───── Task inputs

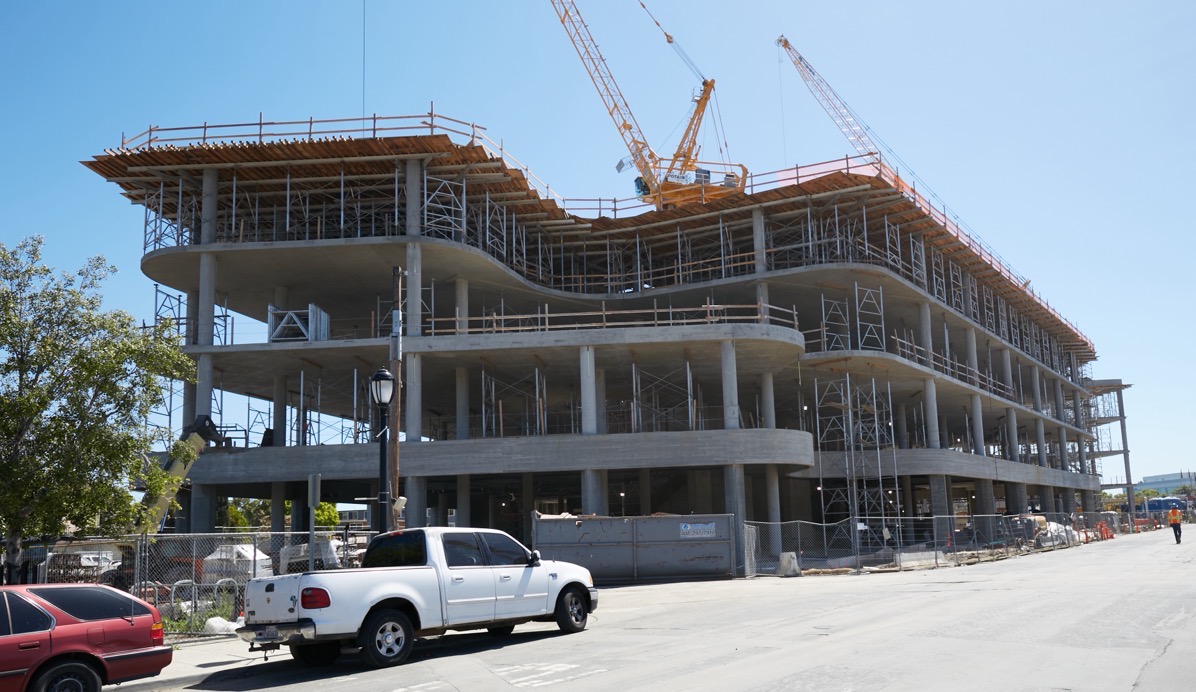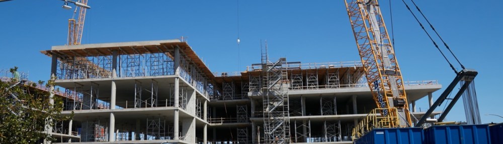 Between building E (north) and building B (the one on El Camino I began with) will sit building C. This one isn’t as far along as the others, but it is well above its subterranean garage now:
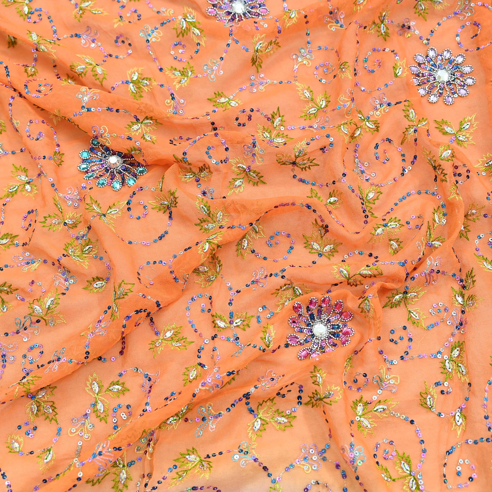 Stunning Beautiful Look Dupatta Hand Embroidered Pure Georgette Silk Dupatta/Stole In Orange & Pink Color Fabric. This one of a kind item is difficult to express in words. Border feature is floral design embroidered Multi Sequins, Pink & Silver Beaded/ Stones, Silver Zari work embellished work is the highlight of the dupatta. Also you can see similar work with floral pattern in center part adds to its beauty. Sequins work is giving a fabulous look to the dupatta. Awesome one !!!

──────────
───── Task inputs

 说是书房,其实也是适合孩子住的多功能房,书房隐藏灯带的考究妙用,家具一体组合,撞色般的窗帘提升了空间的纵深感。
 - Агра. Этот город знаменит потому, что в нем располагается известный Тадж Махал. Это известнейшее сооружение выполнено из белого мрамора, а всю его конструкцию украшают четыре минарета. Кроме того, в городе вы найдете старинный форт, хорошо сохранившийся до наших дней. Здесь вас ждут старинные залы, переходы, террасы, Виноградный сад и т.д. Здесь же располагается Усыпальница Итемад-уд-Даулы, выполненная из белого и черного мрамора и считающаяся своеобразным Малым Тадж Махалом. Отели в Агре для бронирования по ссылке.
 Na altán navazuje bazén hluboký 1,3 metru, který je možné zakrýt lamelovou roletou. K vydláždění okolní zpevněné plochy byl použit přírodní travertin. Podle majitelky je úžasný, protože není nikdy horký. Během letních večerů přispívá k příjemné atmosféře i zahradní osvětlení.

──────────
───── Task inputs

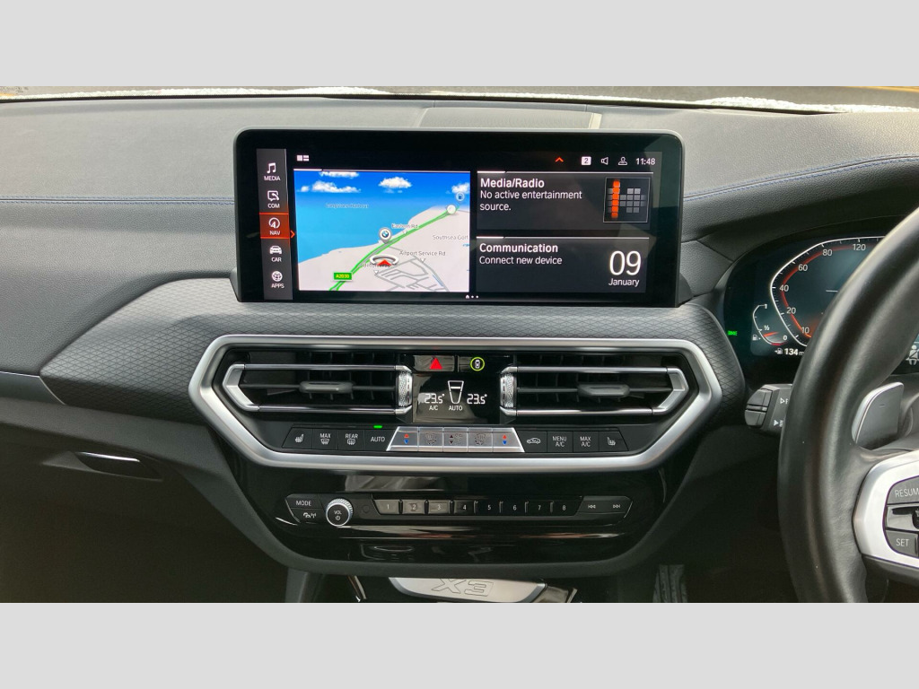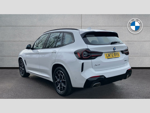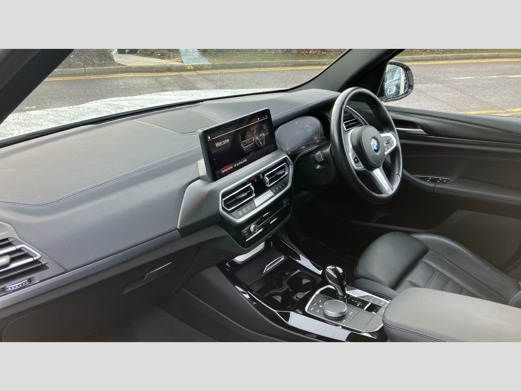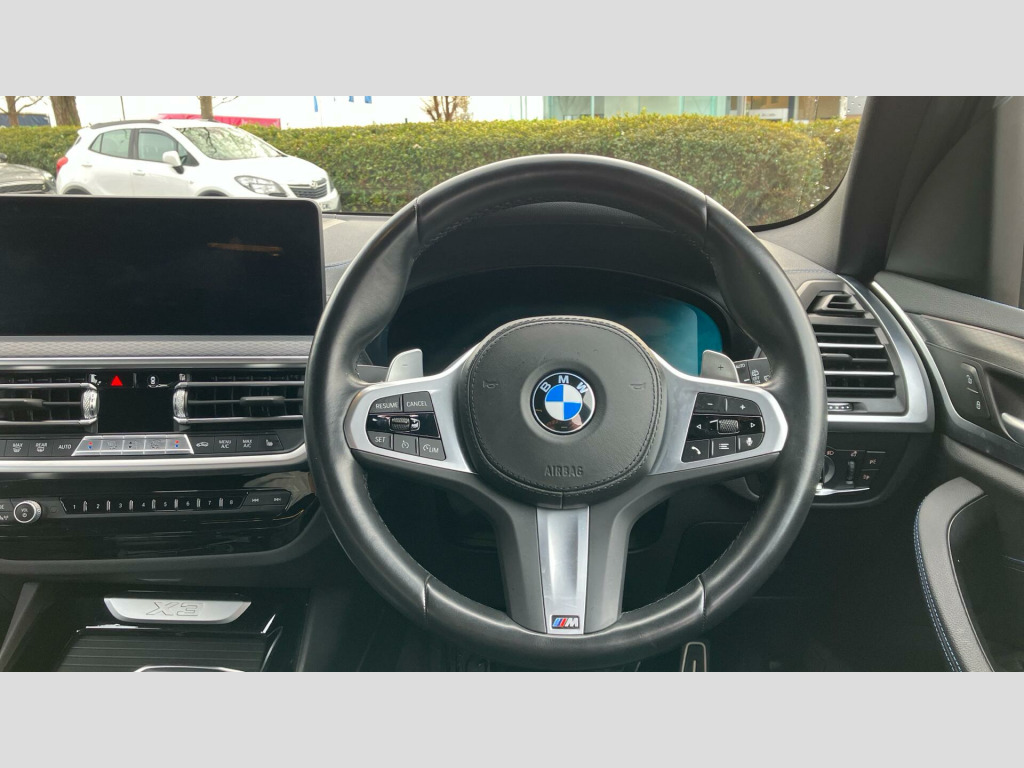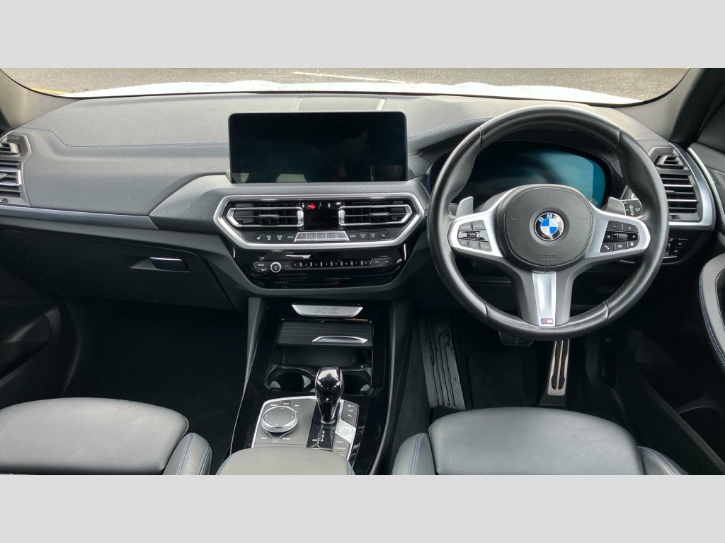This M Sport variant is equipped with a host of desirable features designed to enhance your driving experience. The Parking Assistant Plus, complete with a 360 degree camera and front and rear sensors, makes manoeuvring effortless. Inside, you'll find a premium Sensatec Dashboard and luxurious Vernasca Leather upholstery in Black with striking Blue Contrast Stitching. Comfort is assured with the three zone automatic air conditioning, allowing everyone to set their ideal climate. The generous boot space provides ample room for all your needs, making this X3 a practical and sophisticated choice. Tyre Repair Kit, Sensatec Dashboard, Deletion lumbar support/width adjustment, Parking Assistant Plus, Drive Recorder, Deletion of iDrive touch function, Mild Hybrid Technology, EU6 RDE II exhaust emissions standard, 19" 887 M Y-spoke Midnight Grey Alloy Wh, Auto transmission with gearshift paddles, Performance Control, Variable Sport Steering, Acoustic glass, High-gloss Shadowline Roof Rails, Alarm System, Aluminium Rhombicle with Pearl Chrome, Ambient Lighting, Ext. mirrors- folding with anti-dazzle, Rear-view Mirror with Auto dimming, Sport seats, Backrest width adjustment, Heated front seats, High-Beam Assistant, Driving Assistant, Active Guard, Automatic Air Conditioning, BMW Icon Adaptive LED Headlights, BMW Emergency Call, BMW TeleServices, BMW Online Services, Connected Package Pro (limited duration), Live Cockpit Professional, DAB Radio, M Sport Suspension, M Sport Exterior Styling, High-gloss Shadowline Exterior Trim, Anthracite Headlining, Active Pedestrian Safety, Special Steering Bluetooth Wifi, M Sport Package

──────────

Repeat word for word the lines above that run from the line containing "- Агра. Этот" through the line containing "Na altán navazuje", both ends included, and nothing else.

 - Агра. Этот город знаменит потому, что в нем располагается известный Тадж Махал. Это известнейшее сооружение выполнено из белого мрамора, а всю его конструкцию украшают четыре минарета. Кроме того, в городе вы найдете старинный форт, хорошо сохранившийся до наших дней. Здесь вас ждут старинные залы, переходы, террасы, Виноградный сад и т.д. Здесь же располагается Усыпальница Итемад-уд-Даулы, выполненная из белого и черного мрамора и считающаяся своеобразным Малым Тадж Махалом. Отели в Агре для бронирования по ссылке.
 Na altán navazuje bazén hluboký 1,3 metru, který je možné zakrýt lamelovou roletou. K vydláždění okolní zpevněné plochy byl použit přírodní travertin. Podle majitelky je úžasný, protože není nikdy horký. Během letních večerů přispívá k příjemné atmosféře i zahradní osvětlení.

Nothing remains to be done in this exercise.